Some of the commentaries focus more on the hopes and wishes, or the prejudices, of the authors than on the facts as we know them. But then again it is hard to be 100 per cent confident of any Chinese statistics, even when gathered in good faith. It will take time for the economy to begin rolling again, and the hardships will, no doubt, reflect, from local politics up to the central government. But it may be a bit early to forecast a collapse of public confidence in China’s leaders, or the imminent demise of their systems of control.

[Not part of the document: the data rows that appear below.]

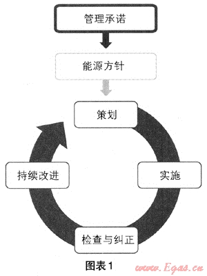 用能企業(yè)是實現(xiàn)能源節(jié)約的核心。在以節(jié)能減排為重要目標的指引下,企業(yè)使用任何能源,都應制定一個基本的控制程序,形成一個有效能源管理體系運行模式。企業(yè)為兌現(xiàn)管理承諾和實現(xiàn)能源方針應進行策劃-實施-檢查與糾正-持續(xù)改進(PDCA)等過程。圖示如下(圖表1):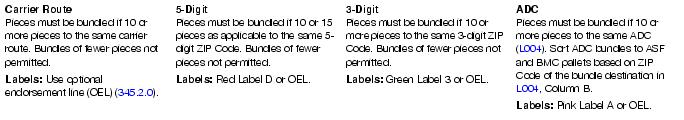 Bundle Preparation: See previous page for physical bundle size and securing standards. Except for 5-digit and 5-digit scheme pallets, carrier route bundles may be combined with automation and Presorted price bundles on the same pallet.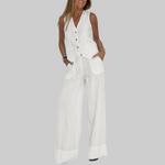 Dvodelni laneni set Martina savršeni je izbor za opuštene i formalnije prigode tijekom ljeta. Njegov elegantan kroj i lagani lan pružaju udobnost i bezvremenski stil – idealan za toplo ljetne dane i elegantne večernje događaje.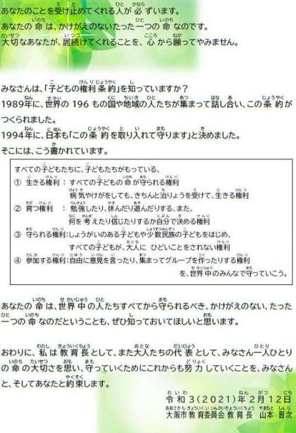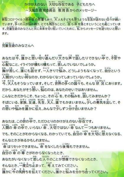 これらのことから別添のとおり、本市の子どもたちに向けて「教育長メッセージ」を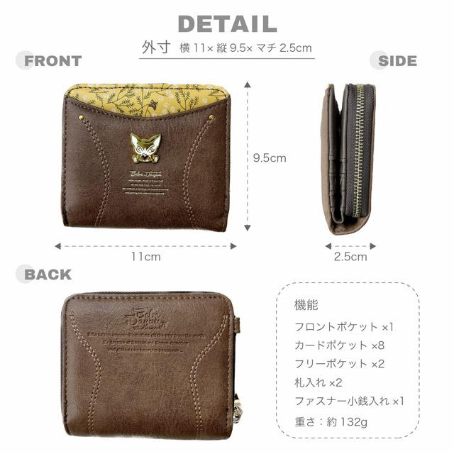 【ラスト1点で終了】財布 猫 キャット 小 二つ折り ミニ コンパクト 小銭入れ べべダヤン 猫柄 ラウンドファスナー カードケース レディース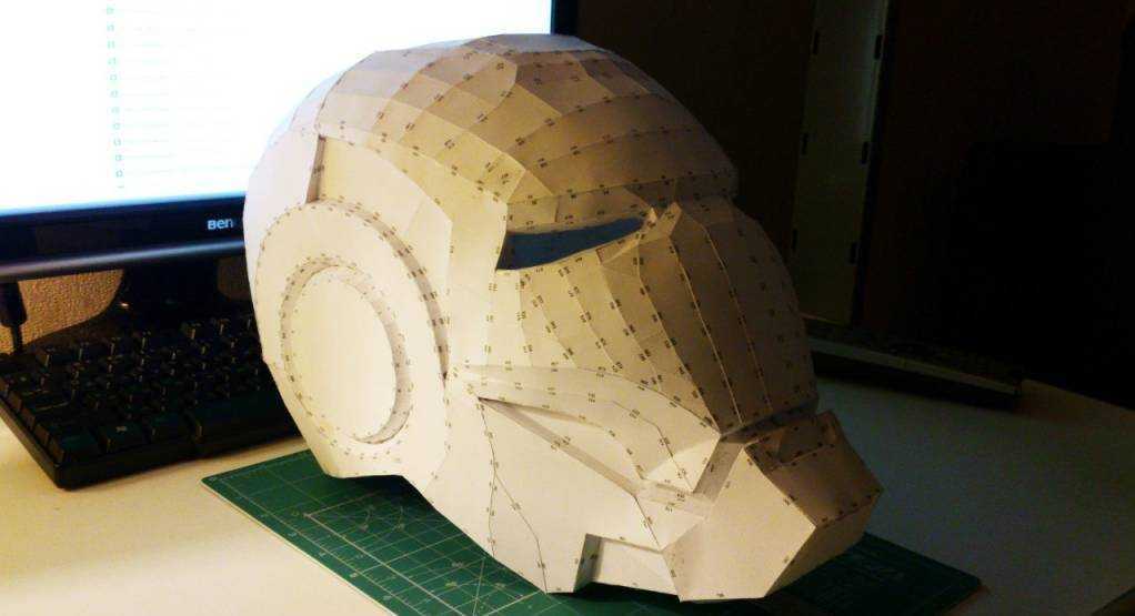 Первым делом нужно узнать, как сделать шлем Железного человека. Для этого нужно распечатать схемы шлема и вырезать все возможные детали.

Likewise with the Australian body politic. So far, all is well on at least this venture of modern government, even if confidence in the management and integrity of many other aspects of government are calculated to make citizens despair. Initially at least there’s no down-side, even if things get worse before they get better.
The big risks are two-fold, it seems to me. First would be in neglecting an attack on the virus in our neighbourhood. The other is from an officious overreach of power by the department of Home Affairs, armed Border Force officers, or anyone else trying to herd ordinary Australians into a political, as opposed to a public health view, of the public response.
Given the authoritarian disposition of the minister, Peter Dutton, his hang-ups about challenges to the authority of the state, and the militarisation of what once seemed a much more efficient quarantine service, that seems inevitable. In a pandemic, there is only limited scope for concentration camps with Serco guards, forced arrests, or bully boy tactics designed to prove who’s boss. Australians will willingly, even meekly obey the instructions of a bush-firefighter as to not using a road. The prime minister, we might remember, has perfected his argument about rejecting the advice of experts, at least on climate change.
All of the marketing of Morrison, crisis-mongering by Dutton, or bullying by policemen is unlikely to convey the same sense of emergency as the bushfires. Health expertise will be – should be – respected, but politicians will still be unpopular if they are too draconian in pretending to follow advice.